Friday, December 18, 2009

Joan, the Maiden

We don't know what Joan looked like. Certainly she bore no resemblance to Ingrid Bergman in feature or in character. Bergman took the part to burnish her much tarnished image as the woman who had run off with Roberto Rossellini although still married to her Swedish doctor husband. Joan was slight in stature more reminiscent of Julie Harris in the Anouilh play about Joan, The Lark. None of her companions ever mentioned a pretty face. It is probably fair to conclude she was not pretty. Probably she was sturdy and sun bronzed. Undoubtedly she could ride a horse as horses were part of farm life in Lorraine. Joan's father was a well-to-do farmer and land owner. She was very religious. Her entire education was learned on the farm and in the church. She could not read or write, but this was not uncommon.
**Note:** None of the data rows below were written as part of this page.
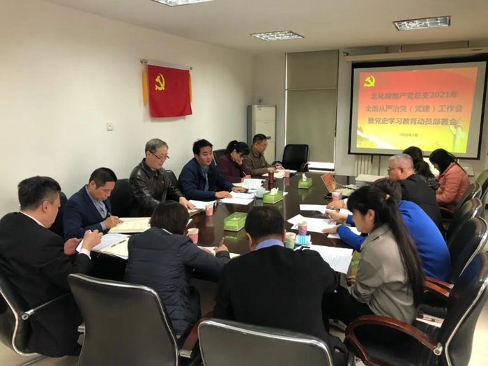 3月18日,北化房地產黨總支召開黨史學習教育動員部署會,黨總支書記、董事長、黨史學習教育領導小組組長王強作動員講話,公司黨總支委員、基層黨支部支委會全體成員參加會議。
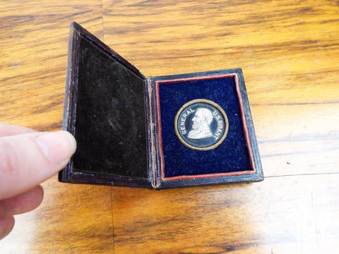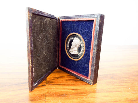 Antique Civil War Era US Grant Thermoplastic Presidential Token Leather Case
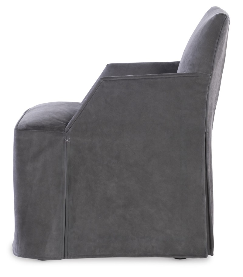 The European inspired dining or club chair, with waterfall arm and tight seat is characterized by its smooth, flowing lines and stitch detail at the pleats, reflects a modern design aesthetic that emphasizes sleek forms and subtle craftsmanship. This style draws inspiration from mid-century modern design, known for its minimalist approach and attention to detail, while incorporating contemporary elements. Available in any Century fabric or COM.
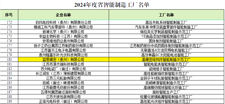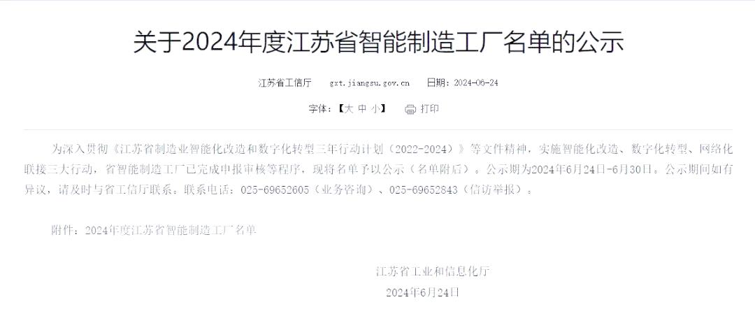 江苏省工业和信息化厅近日公示了2024年度江苏省智能制造工厂的名单。
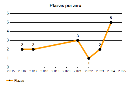 En los siguientes gráficos se puede ver la evolución del número de convocatorias y plazas convocadas para la profesión de Fontanero en Asturias de los últimos años pudiéndose observar una caída del 100,00% desde el año 2016 hasta el 2025 en número de convocatorias y una caída del 100,00% en número de plazas convocadas.
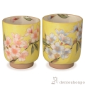 【清水焼(京焼)】組湯呑 黄塗桜 ペア
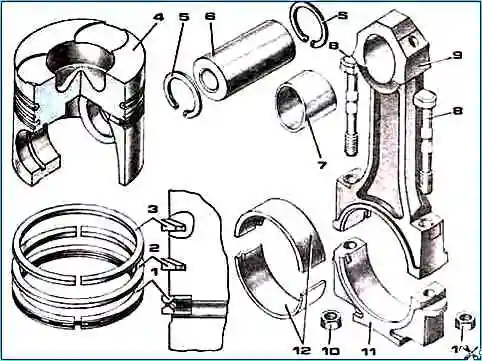 На крышке и шатуне нанесены метки спаренности в виде трехзначных порядковых номеров. Кроме того, на крышке шатуна выбит порядковый номер цилиндра.
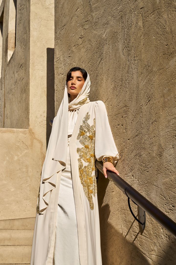 أطلقت دار إليزابيتا فرانكي Elisabetta Franchi العباية البيضاء الراقية المفتوحة والمنسقة مع ثوب أبيض، وهي مزخرفة بتطريزات بخيوط ورسوم ذهبية، وتم تنسيق طرحة من الفوال الأبيض الشفاف لإطلالة راقية عصرية للأم الكلاسيكية.
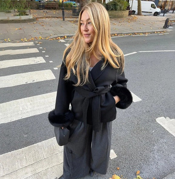 Isabella - Abrigo de lana con detalle de piel en los puños
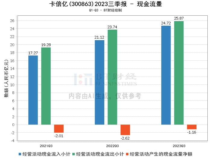 综上所述,卡倍亿公司在2023年三季度的经营状况总体良好,总资产、净资产增长显著,营业收入和净利润稳步上升,现金流状况也有所改善。然而,投资者在进行投资决策时,还需结合公司的行业地位、市场竞争状况、政策环境等多方面因素进行综合考虑。
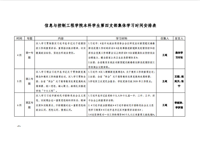 最后,王超对支部2020年度理论学习工作进行细致部署,充分调动支部全体党员学习的主动性和积极性,确保理论学习落到实处、取得实效。王超表示,根据《信息与控制工程学院党总支关于 2020 年理论学习中心组及教职工理论学习安排的意见》,支部结合工作实际,制定下发了《信息与控制工程学院本科学生第四支部关于开展 2020 年专题理论学习的通知》,通知对支部全年学习计划作了具体的安排,希望各位党员在思想上能够高度重视,在行动上能积极践行,要坚持个人自学思考与集体学习研讨相结合、理论学习与专题调研相结合、常规学习与在线学习相结合。为了规范党员政治理论学习制度,增强学习的针对性和实效性,支部将每月政治理论学习内容进行汇编成册,及时发到支部学习群中,方便党员线上线下学习。今后,支部将不断改进学习方法,加强党员教育、管理和服务,线下利用每次理论学习会结束后,开展特色“微感悟”分享活动;线上利用“学习强国”学习平台开展争做“学习标兵”活动,切实增强学习实效。
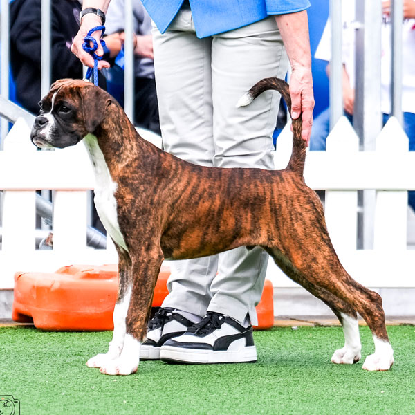 To top of the 2024 year with a bang Marcus won BEST IN SHOW – Boxer Association of Victoria Championship Show 2024 under Breed Specialist Jessica Brzezinski Von JessBox Boxers, Serbia. Marcus won Reserve Challenge Dog the year before under Mr Shharat Sharma (India) following on from his Best Junior in Show in 2022 under Ms Lynn Mair (UK) Glenauld Boxers.
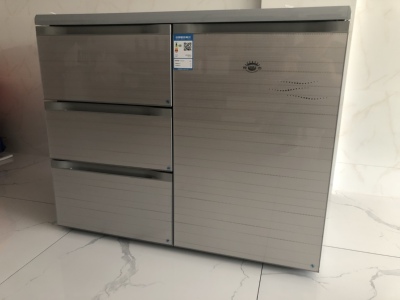 买了尊贵的柜式冰箱,机子声音很小,制冷效果不错。上面还可以放些东西,可以弥补厨房台面不够长的不足,为了和厨柜的柜一致,店家还发了和柜子颜色相似的贴纸,目前一切都好。快递员送货上门开箱验货,态度也很好
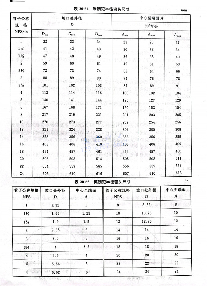 表(biao)20-64~表(biao)20-69中管(guan)件的規格采用ANSI/ASME B36.10《焊接(jie)和(he)無縫軋(ya)制鋼管(guan)》定(ding)義(yi)的管(guan)子公稱規格(NPS)表(biao)示。
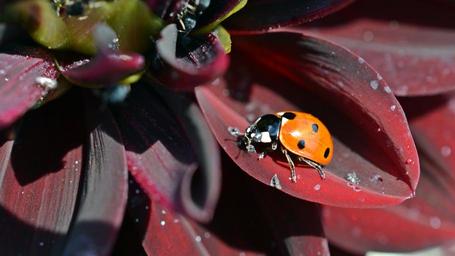 Keywords: dahlia ladybug insect blossom bloom flower red
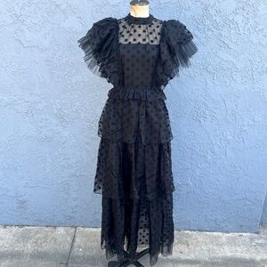 Hunter Bell Annabel Tiered Mock Neck Ruffle Black Lace Gown NWT goth dress
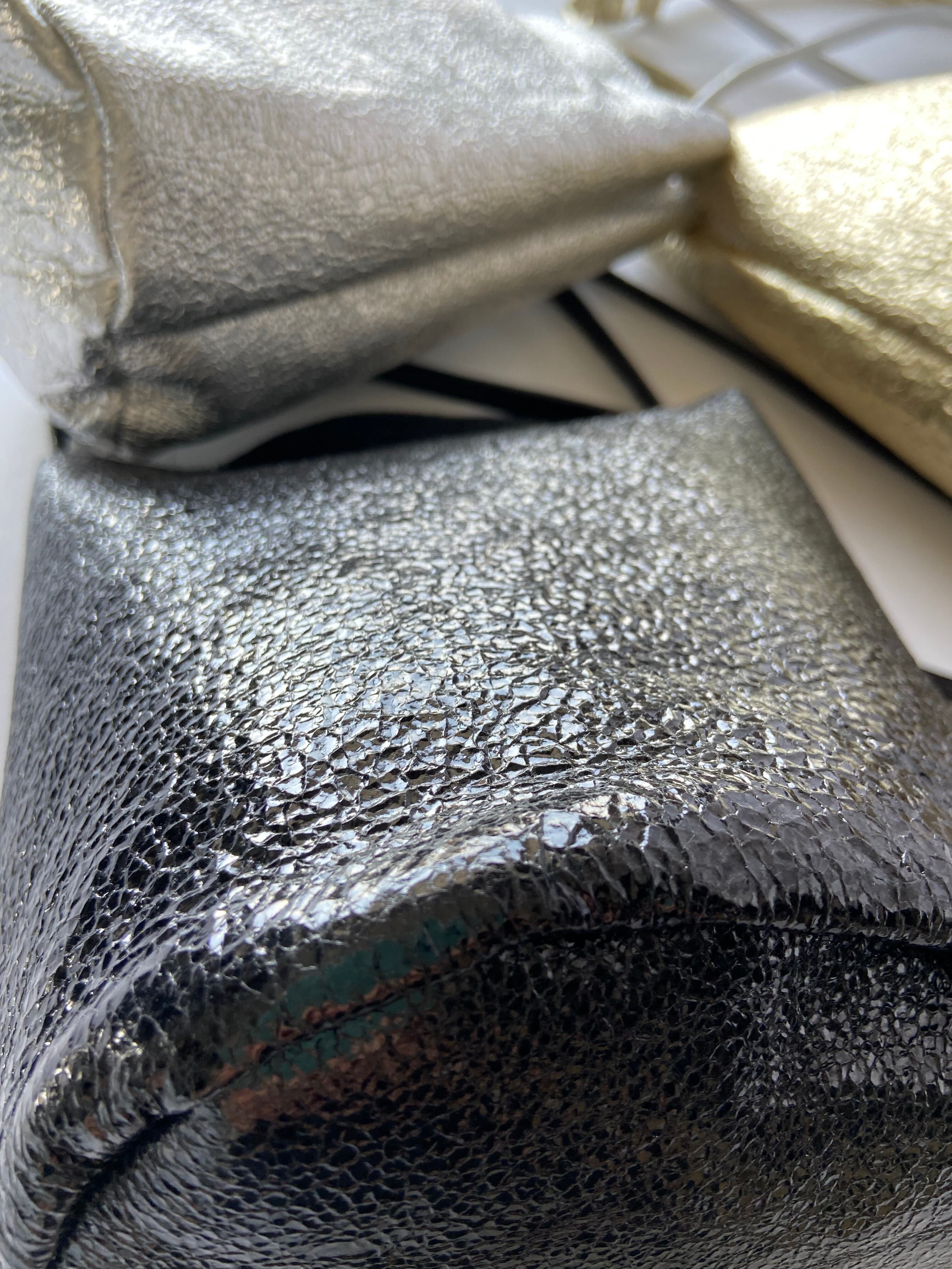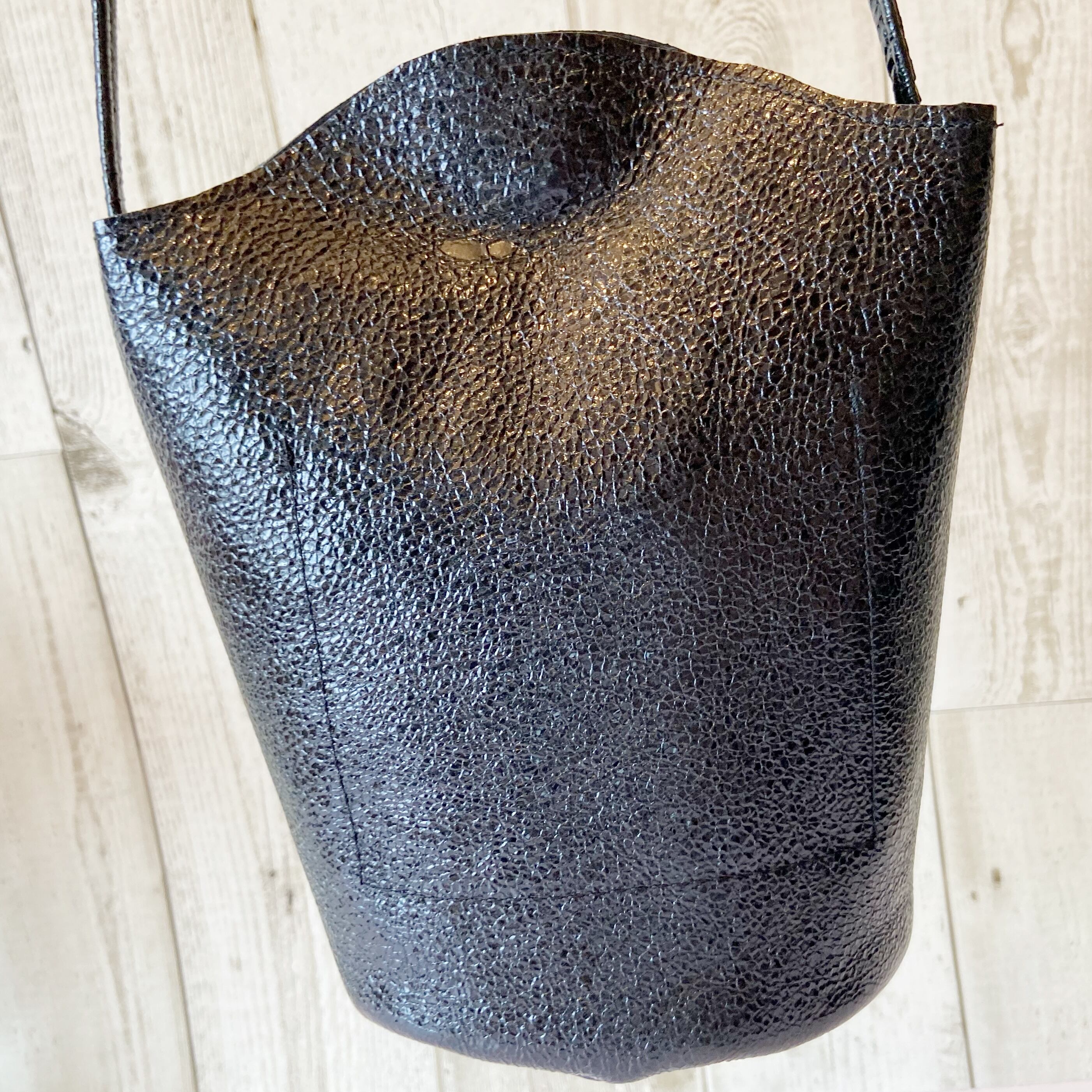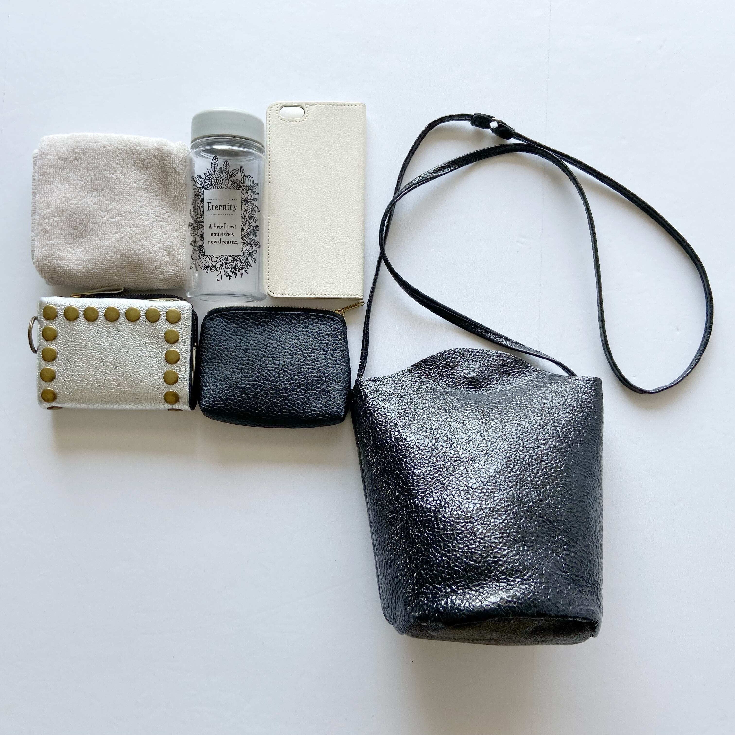 立体的でキラキラした独特の表面感のピッグレザーを一枚仕立てで作ったとても軽いポシェットです。

Her days and seasons were regulated by the church day and calendar. She began to hear her voices when she was about thirteen. They were accompanied by an aura. She did not see her saints until she was captured and half starved. In the Middle Ages and earlier people heard voices and interpreted them according to their state in life. In the Bible Abraham, Moses and Deborah all heard the voice of God. Jacob wrestled with an angel. No one counted Joan as crazy because she heard voices. However she acted upon what she heard.

The ordinary costume for a girl her age was a loose red dress. By the time Joan arrived in the court of the Dauphin she had undergone a complete transformation from farm girl to leader of men. She cut her hair in to the bowl cut worn by soldiers and put off the red dress for a soldier's costume. The change was not purely cosmetic. We know that growing hair and cutting hair as a vow to the Almighty has a long biblical history. Even today there are modern sects who neither shave nor cut their hair and whose women cover their hair so no outsider may see it. Hair is powerful and sexual. To drain Samson of his strength Delilah cuts his hair. To protect his soldiers from the enemy's grasp Alexander the Great,commanded that all his soldiers have military haircuts and shaven chins. In the sixties growing hair long was the youth anti-war protest against a status quo it had not created.

Donning man's clothing was expressly forbidden in Deuteronomy; it is as an abomination. Joan insisted that her voices had commanded her to wear the uniform of a soldier. She was being obedient to God. It is this point that the Grand Inquisitor holds fast over and over again. Joan is not being obedient to to the Church. Joan thought God and the Church were the same thing. The learned clerics who condemned her knew better. Why was wearing men's clothing such a crime? Sumptuary laws have been with us forever. They are intended to keep the inferiors in their place. If a slave wore a toga with a stripe he might be taken for a senator.